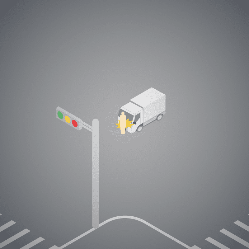 ・イラストに使用している各要素(車、背景、車、天候、信号、衝突地点など)は、代表的なイメージをイラスト化しており、色や形状等含め現実の事故の状況とは異なります。あくまで、事故のイメージとして参考までにご活用ください。
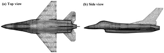 (a) Top view and (b) side view of grid division for the aircraft.
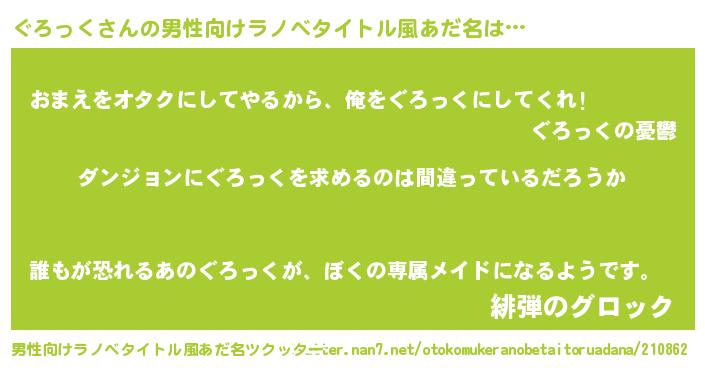 | 女子向けラノベタイトル風あだ名 | 『ぐろっくは平凡を望む』 |

• _Your objective_: Retype the lines above exactly, no pictures.

• _Answer_:
 ・イラストに使用している各要素(車、背景、車、天候、信号、衝突地点など)は、代表的なイメージをイラスト化しており、色や形状等含め現実の事故の状況とは異なります。あくまで、事故のイメージとして参考までにご活用ください。
 (a) Top view and (b) side view of grid division for the aircraft.
 | 女子向けラノベタイトル風あだ名 | 『ぐろっくは平凡を望む』 |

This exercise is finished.